**PROBLEM STATEMENT**.
From the records below, extract only the lines running from the line with "A path leads" to the line with "防水小清新ネイルステッカー自", both lines included, reproducing them exactly.

━━ RECORDS SUPPLIED ━━

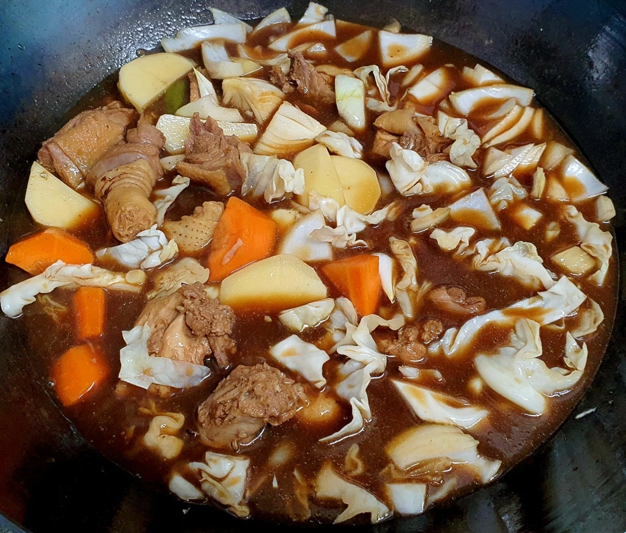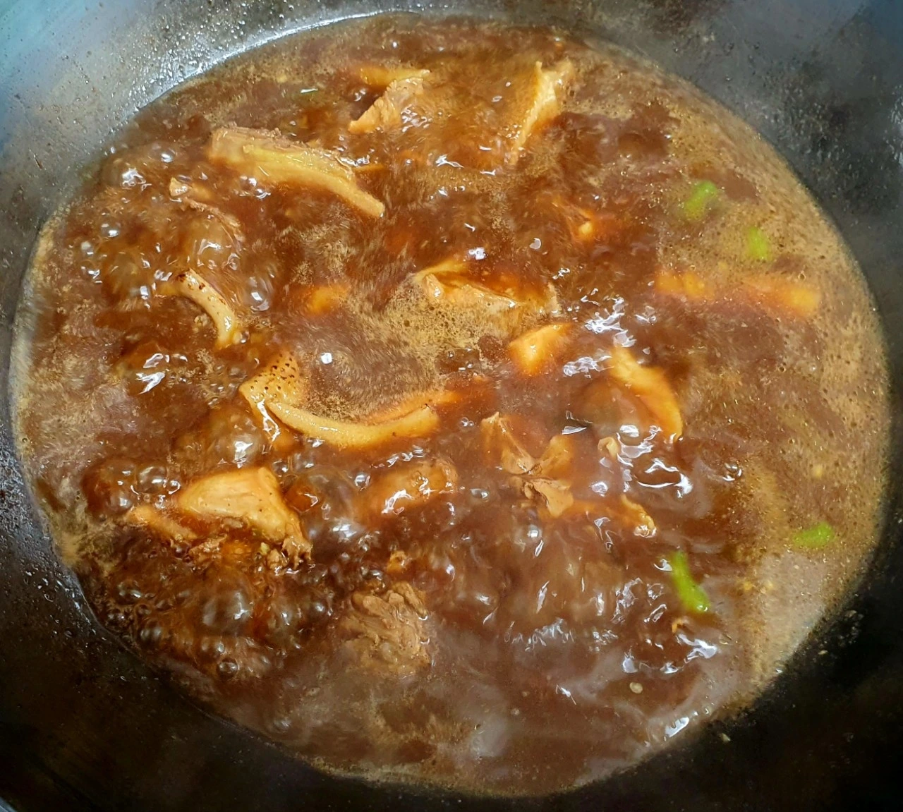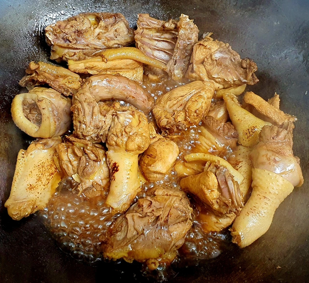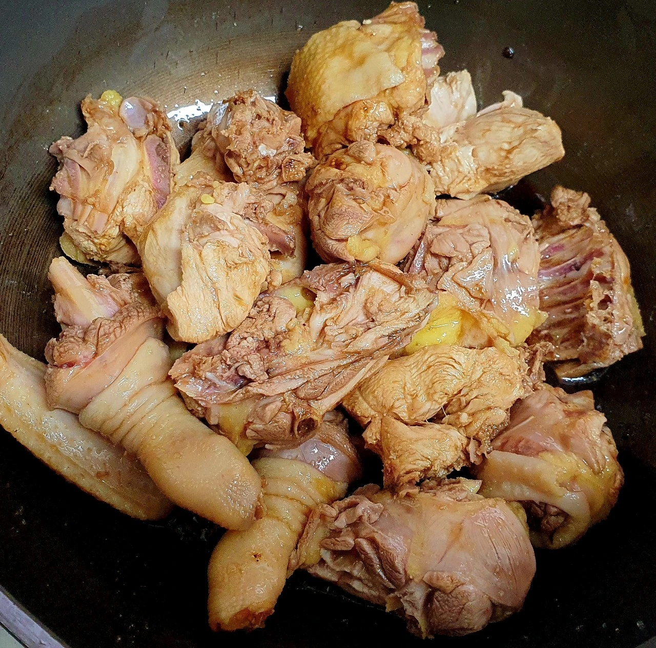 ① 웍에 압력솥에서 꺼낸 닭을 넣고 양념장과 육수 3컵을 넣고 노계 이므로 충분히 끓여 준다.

━━━
━━ RECORDS SUPPLIED ━━

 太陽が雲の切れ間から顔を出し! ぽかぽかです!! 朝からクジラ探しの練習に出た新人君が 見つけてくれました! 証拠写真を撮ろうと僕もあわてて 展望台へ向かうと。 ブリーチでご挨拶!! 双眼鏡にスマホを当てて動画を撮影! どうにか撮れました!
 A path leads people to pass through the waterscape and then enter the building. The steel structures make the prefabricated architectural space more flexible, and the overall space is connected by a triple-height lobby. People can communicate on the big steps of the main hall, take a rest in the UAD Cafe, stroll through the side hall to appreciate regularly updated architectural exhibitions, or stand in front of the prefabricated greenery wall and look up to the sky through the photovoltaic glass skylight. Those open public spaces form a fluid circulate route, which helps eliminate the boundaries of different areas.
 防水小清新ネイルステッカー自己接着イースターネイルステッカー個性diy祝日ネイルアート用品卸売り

━━━
━━ RECORDS SUPPLIED ━━

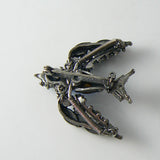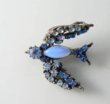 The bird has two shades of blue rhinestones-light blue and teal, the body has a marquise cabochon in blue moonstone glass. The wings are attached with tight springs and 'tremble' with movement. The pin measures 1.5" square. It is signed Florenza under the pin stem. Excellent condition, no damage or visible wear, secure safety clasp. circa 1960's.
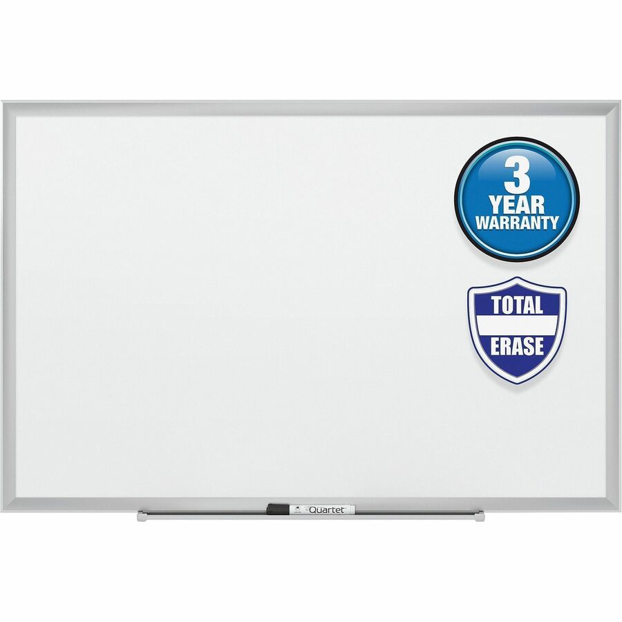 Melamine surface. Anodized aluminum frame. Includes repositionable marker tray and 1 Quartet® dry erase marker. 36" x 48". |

━━━

**ANSWER FOR THE TASK**.
 A path leads people to pass through the waterscape and then enter the building. The steel structures make the prefabricated architectural space more flexible, and the overall space is connected by a triple-height lobby. People can communicate on the big steps of the main hall, take a rest in the UAD Cafe, stroll through the side hall to appreciate regularly updated architectural exhibitions, or stand in front of the prefabricated greenery wall and look up to the sky through the photovoltaic glass skylight. Those open public spaces form a fluid circulate route, which helps eliminate the boundaries of different areas.
 防水小清新ネイルステッカー自己接着イースターネイルステッカー個性diy祝日ネイルアート用品卸売り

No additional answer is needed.